I have set up one script to write to a named pipe, then four scripts to read the named pipe.
For most of the entries, there are no problems, but when there is little processing to be done on the lines of input, some of the reads start to conflict with each other and the resulting text is a combination of random characters from (up to) 4 lines for the (up to) 4 processes.
The reason I can't use xargs or parallel, is that in the connection time to the database takes 1 second, which adds up as there are usually ~1300 lines that need to be processed.
Example Output:
Completed Runstats on MAIN.MK37 in 1s: DB20000I The RUNSTATS command completed successfully.
Completed Runstats on MAIN.MKAP in 0s: DB20000I The RUNSTATS command completed successfully.
Completed Runstats on MAIN.MKAL in 0s: DB20000I The RUNSTATS command completed successfully.
Completed Runstats on MAIN.MK49 in 0s: DB20000I The RUNSTATS command completed successfully.

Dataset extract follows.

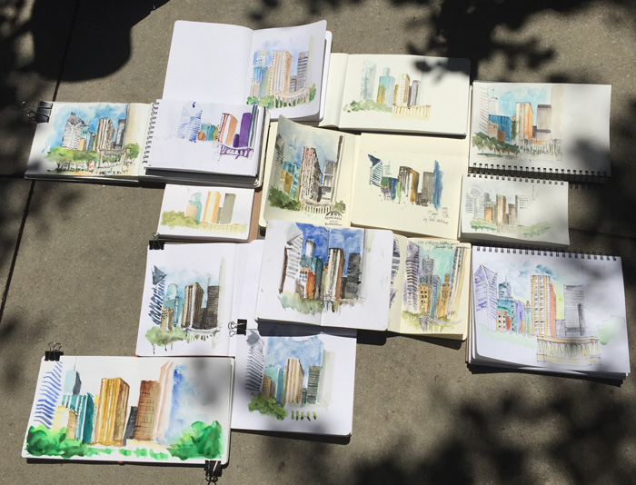 I was realy pleased that I had a 1.5 week’s worth of sketching the city to share with my workshop participants, showing first hand how I had implemented the concepts we explored together.

Failed Runstats on AI.K1MAIN after 0s: SQL2306N The table or index "AI.K1MAIN" does not exist.
Failed Runstats on MNM5. after 0s: SQL0104N An unexpected token "MNM5." was found following "TBLE". Expected tokens may include: "". SQLSTATE=42601
Completed Runstats on MAIN.MK50 in 0s: DB20000I The RUNSTATS command completed successfully.
Completed Runstats on MAIN.MK52 in 0s: DB20000I The RUNSTATS command completed successfully.
Writer:
# Open pipe for writing
exec 10>"${PIPE_LOCATION}"
# Feed data
while read LINE; do
echo "${LINE}" >&10
done <<< "${LIST}"
# Tell threads to stop
i=0
while [ "${i}" -lt 4 ]; do
echo "stop" >&10
(( i += 1 ))
done
# Close pipe
exec 10>&-
Reader:
# Open Pipe
exec 10<"${PIPE_LOCATION}"
while read -u 10 -r SCHEMA TABLE; do
if [[ "${SCHEMA}" == 'stop' ]]; then
break
fi
#
# Runstats Code Here
#
done
# Close Pipe
exec 10<&-
Is there some way to make the reads atomic?
I was thinking I could coordinate the main thread like a server, and the four readers could send it a request every time it wanted some input, which would probably solve the problem (5 pipes instead of 1, though!), but if there's an easier solution someone can suggest, I'm all ears!
man bash
: "Redirections using file descriptors greater than 9 should be used with care, as they may conflict with file descriptors the shell uses internally."